Data shown
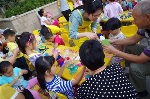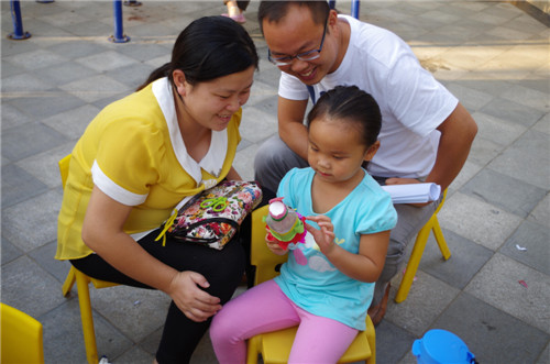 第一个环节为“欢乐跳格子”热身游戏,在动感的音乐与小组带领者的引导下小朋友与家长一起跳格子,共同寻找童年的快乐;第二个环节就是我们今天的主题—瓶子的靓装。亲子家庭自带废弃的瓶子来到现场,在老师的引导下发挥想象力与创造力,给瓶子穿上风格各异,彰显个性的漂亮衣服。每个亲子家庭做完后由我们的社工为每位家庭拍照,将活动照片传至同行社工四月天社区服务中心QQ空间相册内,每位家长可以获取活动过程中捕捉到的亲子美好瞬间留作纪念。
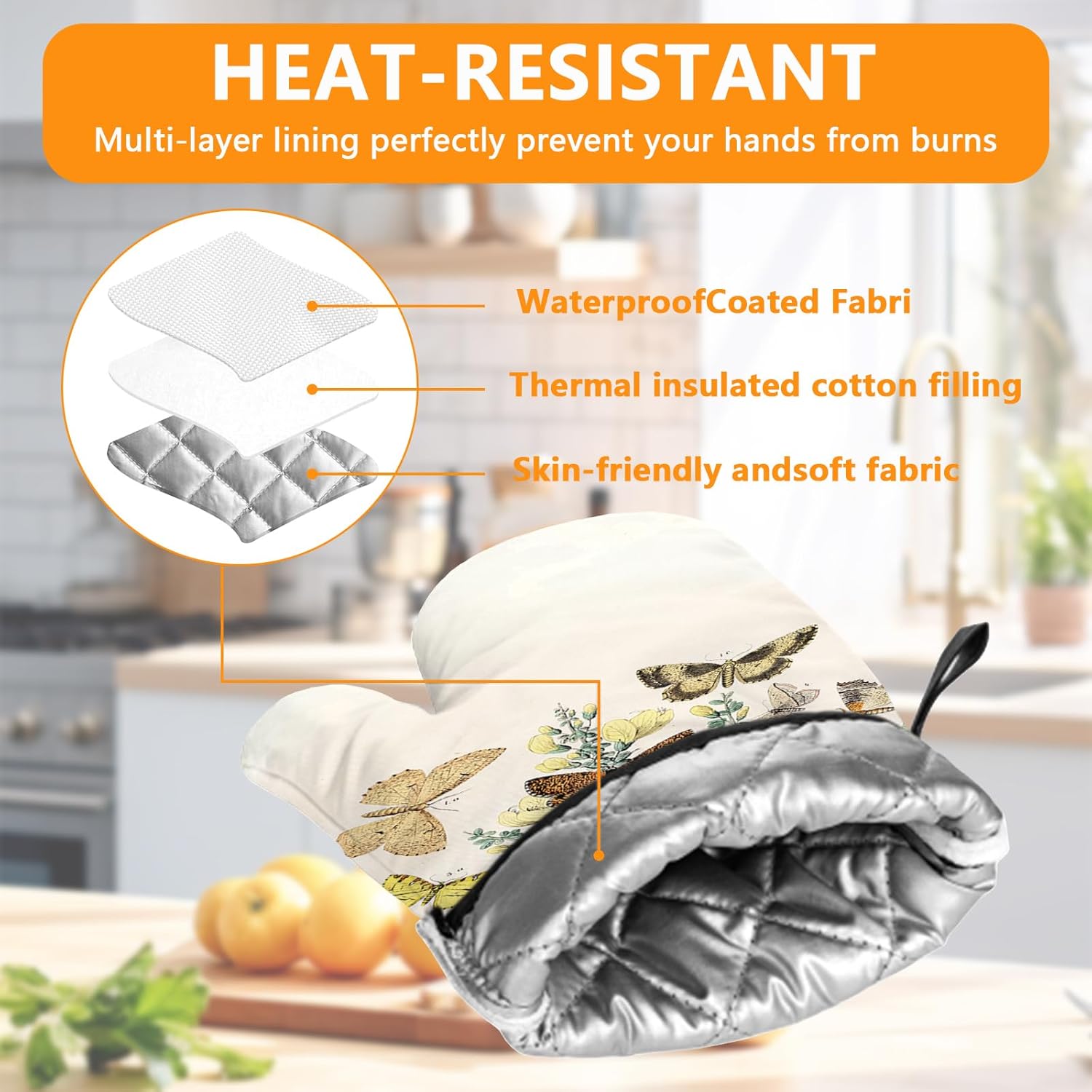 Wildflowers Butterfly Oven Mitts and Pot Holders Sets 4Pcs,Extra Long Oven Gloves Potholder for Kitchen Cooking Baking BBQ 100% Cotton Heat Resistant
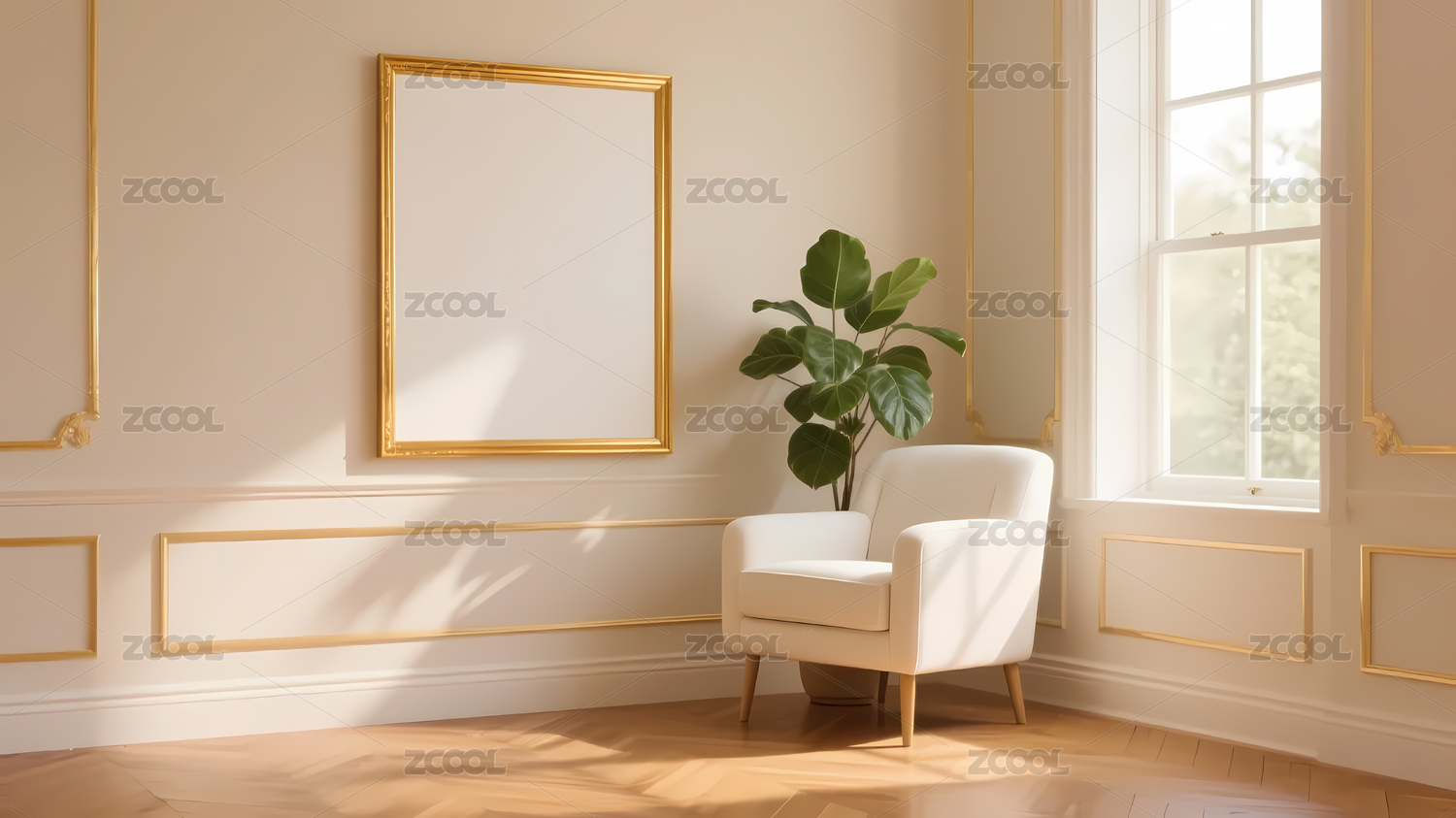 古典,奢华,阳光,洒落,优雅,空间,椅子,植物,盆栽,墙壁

Exercise directions
Output the data exactly as it is, with the pictures dropped.

The answer
 第一个环节为“欢乐跳格子”热身游戏,在动感的音乐与小组带领者的引导下小朋友与家长一起跳格子,共同寻找童年的快乐;第二个环节就是我们今天的主题—瓶子的靓装。亲子家庭自带废弃的瓶子来到现场,在老师的引导下发挥想象力与创造力,给瓶子穿上风格各异,彰显个性的漂亮衣服。每个亲子家庭做完后由我们的社工为每位家庭拍照,将活动照片传至同行社工四月天社区服务中心QQ空间相册内,每位家长可以获取活动过程中捕捉到的亲子美好瞬间留作纪念。
 Wildflowers Butterfly Oven Mitts and Pot Holders Sets 4Pcs,Extra Long Oven Gloves Potholder for Kitchen Cooking Baking BBQ 100% Cotton Heat Resistant
 古典,奢华,阳光,洒落,优雅,空间,椅子,植物,盆栽,墙壁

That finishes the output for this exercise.